Extracted data entries:
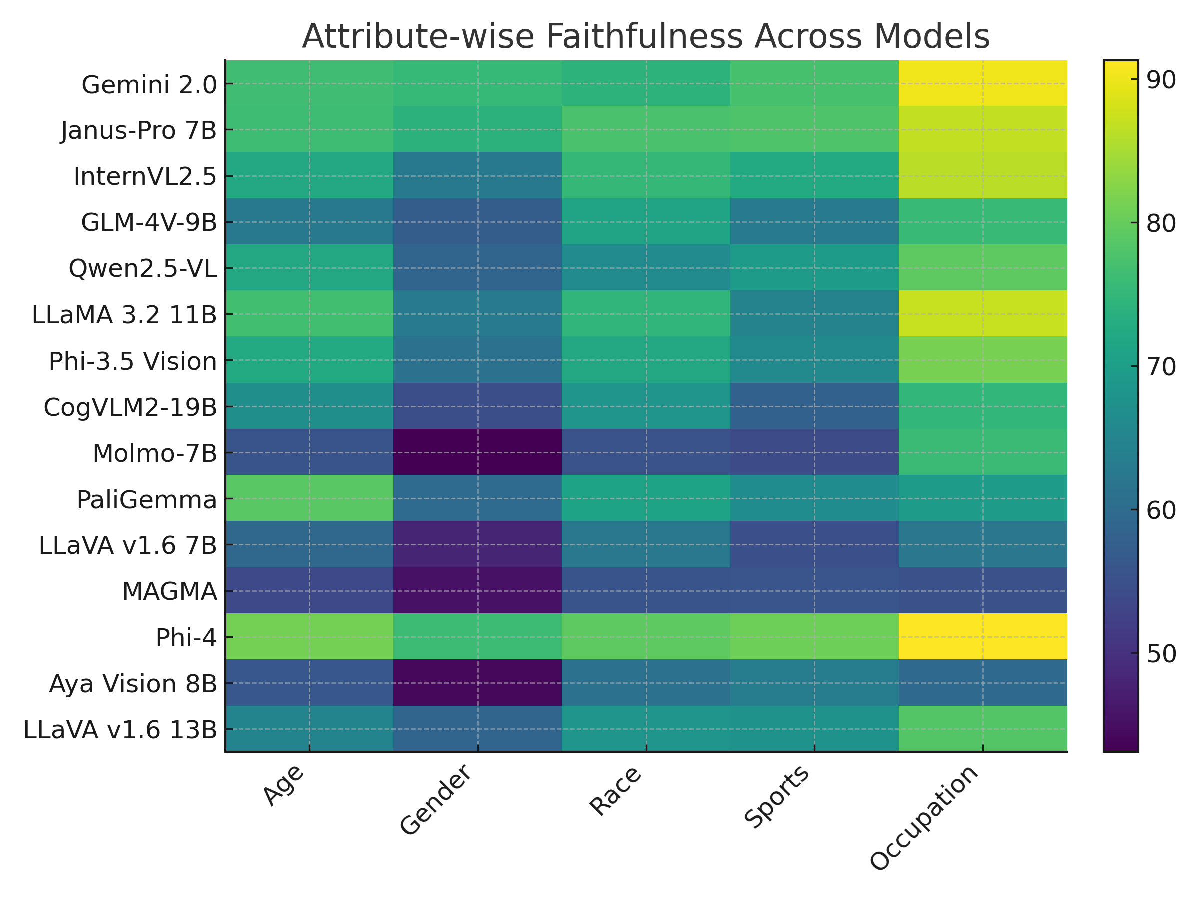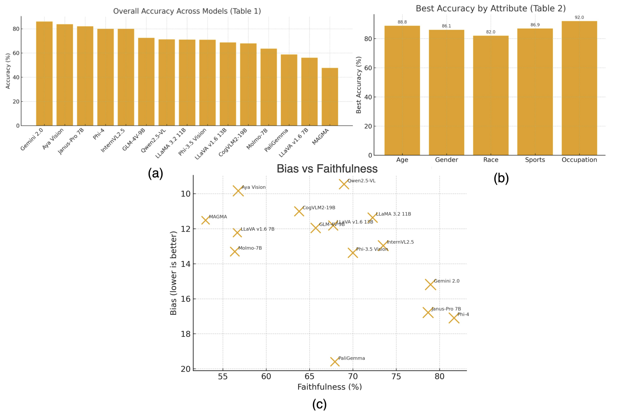 Takeaway: Closed-source VLMs such as Gemini 2.0 and Phi-4 achieve the highest overall accuracy and faithfulness, but they still exhibit substantial social bias. In contrast, Qwen2.5-VL achieves some of the lowest bias scores but at the cost of reduced accuracy, showing that stronger grounding alone does not eliminate stereotype risk.
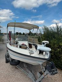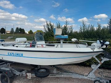 Vendo per inutilizzo barca Sidra Explorer mt 4,7 x 1,9,carrello basculante ellebi kg 650 (revisione scaduta 09/25) con fanali nuovi.Motore Yamaha Top 700 2 tempi 25/50 cv (con libretto) avviamento e trim elettrico.Sono presenti motore elettrico di prua watersnake con comandi a pedale e 2 batterie al gel da 100 Amp.in dotazione serbatoio da 50 lt con indicatore in console più uno da 30 lt,pompa di sentina tendalino e rollbar. Prezzo trattabile.
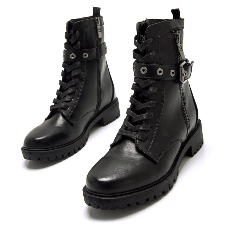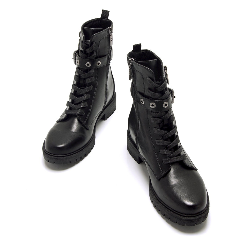 Botines planos Mustang campa negras con detalles metálicos y correa en la hebilla
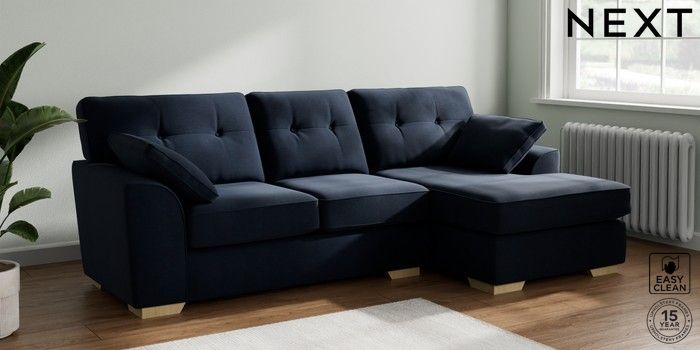 7.2.10 Stamford Buttoned Back Medium Sofa Chaise - Right Hand Fine Chenille Easy Clean Dark Navy Blue Large Square Angle - Light | Made Click here to use our website with more accessibility support, for example screen readers
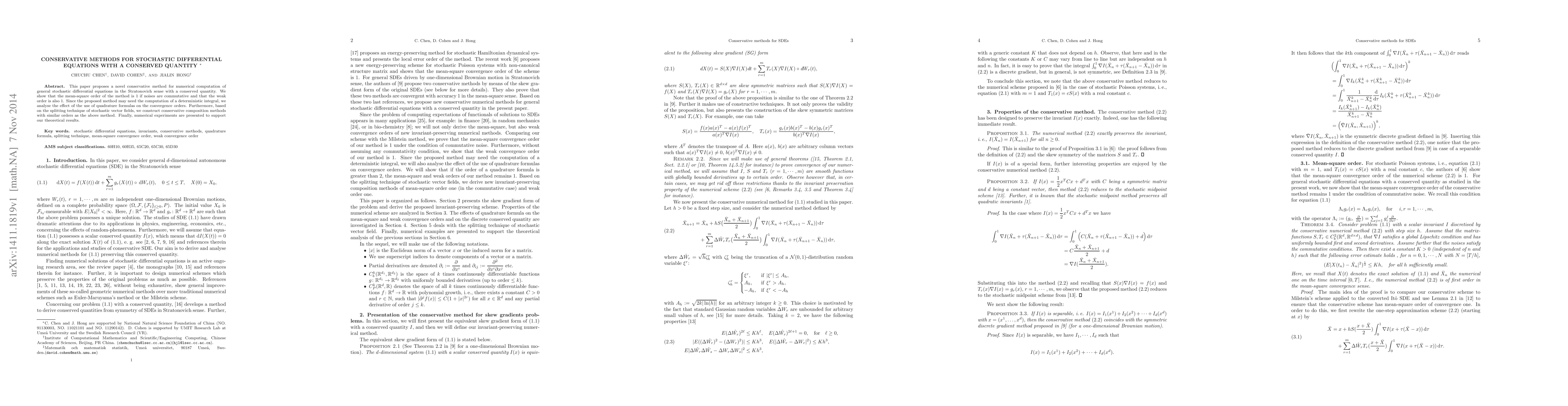 This paper introduces a conservative numerical method for solving stochastic differential equations with conserved quantities, achieving mean-square and weak order 1 under commutative noise conditions. It also examines the impact of quadrature formulas on convergence and constructs conservative composition methods using the splitting technique. Numerical experiments validate the theoretical findings.
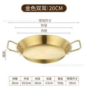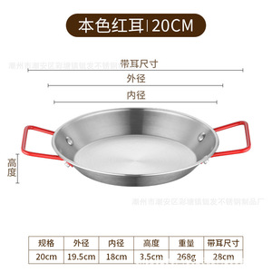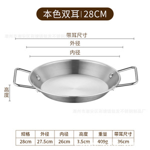 跨境西班牙海鲜锅加厚不锈钢双耳平底汤锅韩式泡面锅商用部队火锅

**What to produce**
Word for word, quote the lines above. Omit the pictures.

**Finished task**
 Takeaway: Closed-source VLMs such as Gemini 2.0 and Phi-4 achieve the highest overall accuracy and faithfulness, but they still exhibit substantial social bias. In contrast, Qwen2.5-VL achieves some of the lowest bias scores but at the cost of reduced accuracy, showing that stronger grounding alone does not eliminate stereotype risk.
 Vendo per inutilizzo barca Sidra Explorer mt 4,7 x 1,9,carrello basculante ellebi kg 650 (revisione scaduta 09/25) con fanali nuovi.Motore Yamaha Top 700 2 tempi 25/50 cv (con libretto) avviamento e trim elettrico.Sono presenti motore elettrico di prua watersnake con comandi a pedale e 2 batterie al gel da 100 Amp.in dotazione serbatoio da 50 lt con indicatore in console più uno da 30 lt,pompa di sentina tendalino e rollbar. Prezzo trattabile.
 Botines planos Mustang campa negras con detalles metálicos y correa en la hebilla
 7.2.10 Stamford Buttoned Back Medium Sofa Chaise - Right Hand Fine Chenille Easy Clean Dark Navy Blue Large Square Angle - Light | Made Click here to use our website with more accessibility support, for example screen readers
 This paper introduces a conservative numerical method for solving stochastic differential equations with conserved quantities, achieving mean-square and weak order 1 under commutative noise conditions. It also examines the impact of quadrature formulas on convergence and constructs conservative composition methods using the splitting technique. Numerical experiments validate the theoretical findings.
 跨境西班牙海鲜锅加厚不锈钢双耳平底汤锅韩式泡面锅商用部队火锅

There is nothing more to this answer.